We can also create a function to evaluate our model. It is very similar to the previous one, but the main differences are:
    
1. We use torch.no_grad() to prevent gradient computations and changing the weights of the model.
2. Once we have the predicted distribution, we use .argmax to compute the most probable digit. We also compute the accuracy of our model

In [53]:
def test(model, device, test_loader):
    model.eval()
    test_loss = 0
    correct = 0
    with torch.no_grad():
        for data, target in test_loader:
            data, target = data.to(device), target.to(device)
            output = model(data)
            test_loss += F.nll_loss(output, target, reduction='sum').item() # sum up batch loss
            pred = output.argmax(dim=1, keepdim=True) # get the index of the max log-probability
            correct += pred.eq(target.view_as(pred)).sum().item()

    test_loss /= len(test_loader.dataset)

    print('\nTest set: Average loss: {:.4f}, Accuracy: {}/{} ({:.0f}%)\n'.format(
        test_loss, correct, len(test_loader.dataset),
        100. * correct / len(test_loader.dataset)))

Now, we are going to load the dataset. Since the MNIST dataset is very popular, PyTorch already has it included into datasets.MNIST, and will automatically download it the first time. We can also specify some transformations, like converting the matrix to a tensor and normalize the pixels

Note that we create two data loaders: one for the training set and another one for the testing set. Since this is just a quick experiment, we are not going to validate the initial hyperparameters, so we don't create another data loader for a validation set.

The main benefit of the DataLoader class is that it creates an object which can be used in a for loop, as we did in the previous train function, to iterate over the minibatches.

In [45]:
train_loader = torch.utils.data.DataLoader(
    datasets.MNIST('../data', train=True, download=True,
                   transform=transforms.Compose([
                       transforms.ToTensor(),
                       transforms.Normalize((0.1307,), (0.3081,))
                   ])),
    batch_size=batch_size, shuffle=True, **kwargs)

test_loader = torch.utils.data.DataLoader(
    datasets.MNIST('../data', train=False, transform=transforms.Compose([
                       transforms.ToTensor(),
                       transforms.Normalize((0.1307,), (0.3081,))
                   ])),
    batch_size=test_batch_size, shuffle=True, **kwargs)

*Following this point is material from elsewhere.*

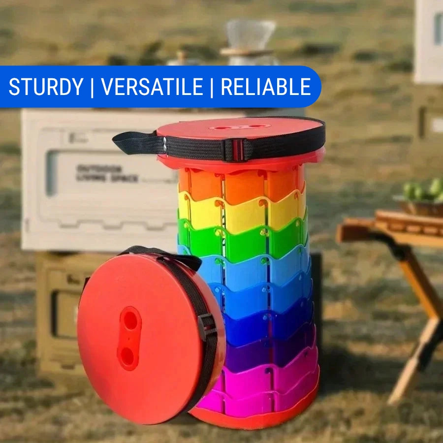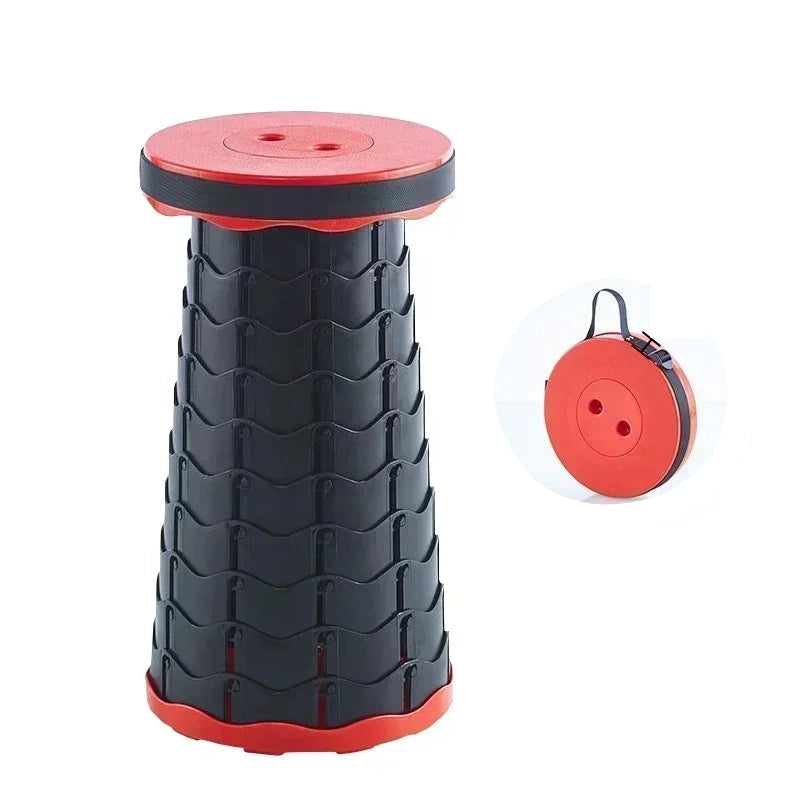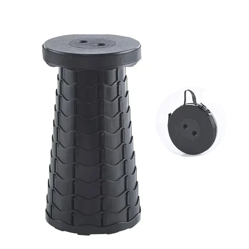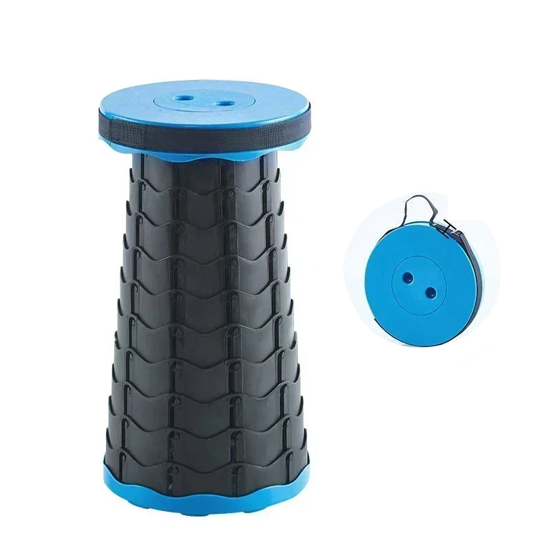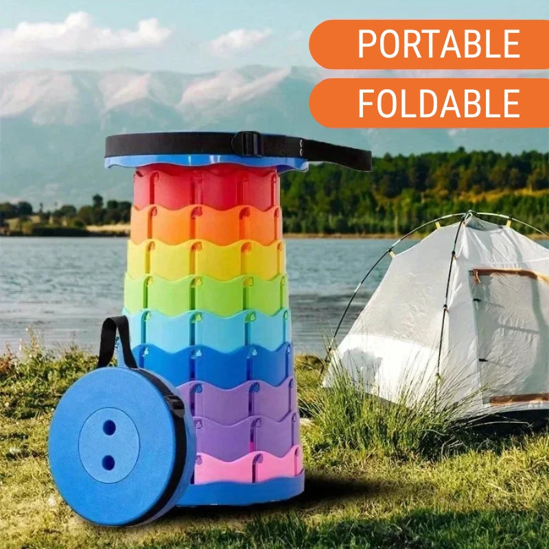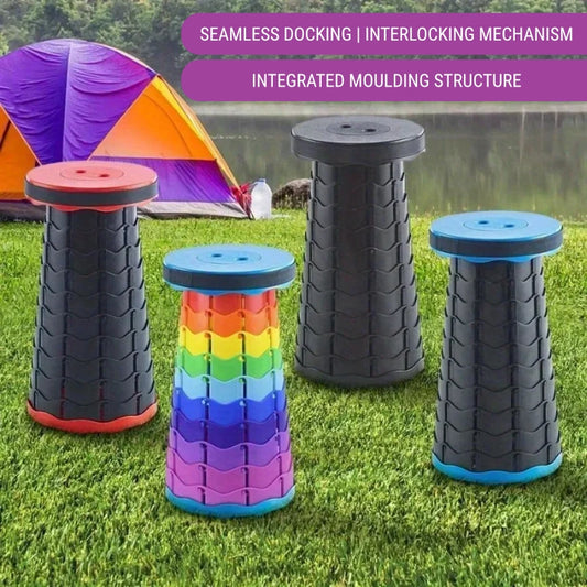Lightweight, portable telescoping stool with adjustable height, 360° rotating cushion, and high load capacity. Perfect for camping, fishing, queues, and more. Durable and compact design for easy carrying.

Now, we are almost done! We just instantiate the model, and tell which optimizer are we going to use, in this case, stochastic gradient descent

In [55]:
model = LogisticRegression().to(device)
optimizer = optim.SGD(model.parameters(), lr=lr, momentum=momentum)

And finally, a simple loop over the number of epochs. This should take over a few minutes in a simple laptop cpu..

In [47]:
for epoch in range(1, epochs + 1):
        train(model, device, train_loader, optimizer, epoch)
        test(model, device, test_loader)




Test set: Average loss: 0.2997, Accuracy: 9142/10000 (91%)




Test set: Average loss: 0.2880, Accuracy: 9189/10000 (92%)




Test set: Average loss: 0.2820, Accuracy: 9187/10000 (92%)




Test set: Average loss: 0.2968, Accuracy: 9162/10000 (92%)




Test set: Average loss: 0.2784, Accuracy: 9216/10000 (92%)




Test set: Average loss: 0.2759, Accuracy: 9238/10000 (92%)






Test set: Average loss: 0.2719, Accuracy: 9214/10000 (92%)




Test set: Average loss: 0.2766, Accuracy: 9234/10000 (92%)




Test set: Average loss: 0.2749, Accuracy: 9215/10000 (92%)




Test set: Average loss: 0.2743, Accuracy: 9223/10000 (92%)



As our first attemp, we obtained over 92% accuracy, which is not so bad, but soon we will see how to vastly improve on this result!